Closed Crawlspace Market Keeps Expanding

Although controlling ants, cockroaches and bed bugs has been a staple of the pest management industry in the United States for more than 100 years, closing crawlspaces is a relatively new service offering for the industry.

In 2009, the first-ever report on closed crawlspaces by the National Center for Energy Management and Building Technologies was published — and that changed everything. According to Billy Tesh, president of Crawlspace Depot, the report showed that closing a crawlspace made a home 18 percent more energy efficient, among numerous other benefits.

Since that time, more pest management professionals have been expanding their services to offer closed crawlspaces each year, while consumer understanding of the service also has increased.

“It was a big change in attitude towards the crawlspace. We were always taught increase ventilation and make sure the vapor barrier is 75 percent and ventilate, ventilate, ventilate,” Tesh says. “But in the 1970s, 1980s and 1990s there were changing dynamics of the crawlspace of a home.

 

Closing crawlspaces is literally a foot in the door of potential new customers. Sixty-three percent of PMPs who have closed crawlspace clients were able to convert them into ongoing general pest control clients.

“So ventilating was not successful and more of a detriment. This research project in eastern North Carolina [tested crawlspaces in] different ways — six were ventilated and six were closed — and it improved air quality while reducing costs. That showed me that it was an effective and sustainable way of correcting that problem.”

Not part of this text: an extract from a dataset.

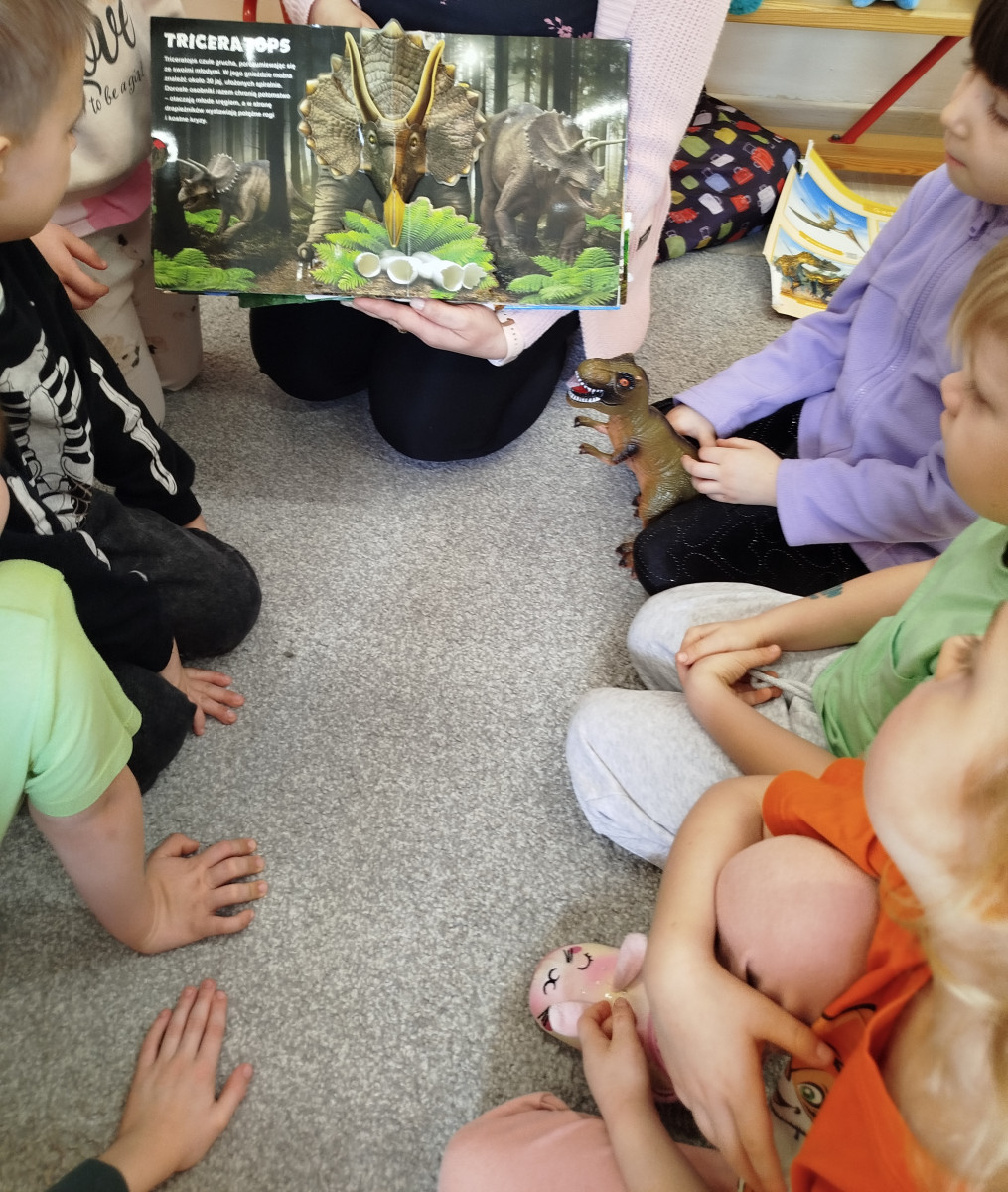 Dzieci z ogromnym entuzjazmem świętowały Dzień Dinozaura, bawiąc się wspólnie przy muzyce i naśladując ruchy swoich ulubionych dinozaurów – były groźne miny, donośne ryki i ciężkie, „dinozaurowe” kroki 🦕🎶.Nasi mali odkrywcy wcielili się również w rolę paleontologów – z wielkim zaangażowaniem poszukiwali „skamieniałości” i odkrywali prehistoryczne znaleziska 🦴🔎Nie zabrakło zabawy zmysłoplastycznej – dzieci z ciekawością „wykluwały” dinozaury z jaj, ćwicząc przy tym małą motorykę i rozwijając swoje zmysły 🥚🦖Z wielkim zainteresowaniem oglądały także książeczki o dinozaurach w 3D, które pozwoliły im jeszcze lepiej poznać świat prehistorycznych stworzeń 📚✨Powstały również piękne plakaty „Świat dinozaurów”, pełne kolorowych, niezwykłych okazów 🖍️🎨 A na koniec przedszkolaki układały dinozaurowe puzzle z obrazka, ćwicząc spostrzegawczość i współpracę 🧩🦕To był dzień pełen radości, śmiechu i fascynujących odkryć! 🌟Dziękujemy naszym małym badaczom za wspólną podróż do świata dinozaurów! 🦕💚

The 2022 PCT State of the Closed Crawlspace Market research shows that crawlspace services continue to grow as an add-on for PMPs throughout the country.

Thirty percent of PMPs surveyed provide closed crawlspace services. Those figures have been generally on the upswing for the past five years.

Of course, there are PMPs who do not (or cannot) offer this service in their area of the country. According to the survey, the majority of PMPs are not offering it for three reasons — the required training, the time necessary to investigate and enter the market, and the largest reason, a lack of demand in their market. Almost 50 percent say their market does not have many homes with crawlspaces.

Chad Highley, A.C.E., owner of Environmental Pest Control in Lawton, Oklahoma, provides the service, but because the majority of new homes in his area are built on slabs, the market is limited for growth.

“That’s what we’ve run across,” Highley says. “The majority are slab foundations so the ones that are crawlspaces are much older and even most of those have inadequate clearance. They aren’t as desirable. So, you end up with the homes that really need it are usually rental properties and the landlords don’t want to spend money on it.”

Of those surveyed, 34 percent have been performing closed crawlspaces for 20 years or more, 36 percent between five and 19 years, and 28 percent have offered it for less than four years.

Closing crawlspaces is literally a foot in the door of potential new customers. Sixty-three percent of PMPs who have closed crawlspace clients were able to convert them into ongoing general pest control clients. The exact same percentage of PMPs (63 percent) have been able to convert general pest customers into crawlspace clients.

 

“From the pest management side, we started out slow, one to two jobs a month then one to two a week and after about eight years we got the traction,” says Tesh. Tesh owns the pest management firm Pest Management Systems Inc., Greensboro, North Carolina, and is the president of Crawlspace Depot. Once the 2009 report came out, Tesh says that “helped qualify closed crawlspaces for new construction and it also validated why it works on post construction. That’s when we had one crew doing this work and now have 30 crews.”

Six percent of surveyed PMPs performed 100 or more jobs last year. While 32 percent of PMPs who offer the service performed fewer than 10 jobs per company last year (and 18 percent didn’t close any crawlspaces last year), the bulk of those providing the service (36 percent) performed between 10 and 49 jobs last year.

Revenues can be large in the crawlspace market. Of those surveyed, 16 percent generated revenues of $100,000 or more from the add-on service, and 18 percent earned between $25,000 and $99,999 for the year. Twenty percent had revenues between $5,000 and $24,999.

Tesh says it’s important for those pest management firms providing crawlspace services to continue to develop their craft to help the crawlspace market grow. “They need to first and foremost understand the science behind why closed crawlspaces work and why vented crawlspaces don’t work. And that’s really about understanding the training, from training your sales staff to your installation staff on how to do the job and how to be more efficient and how to improve performance and how to make a profit. That’s how you succeed in the closed crawlspace market.”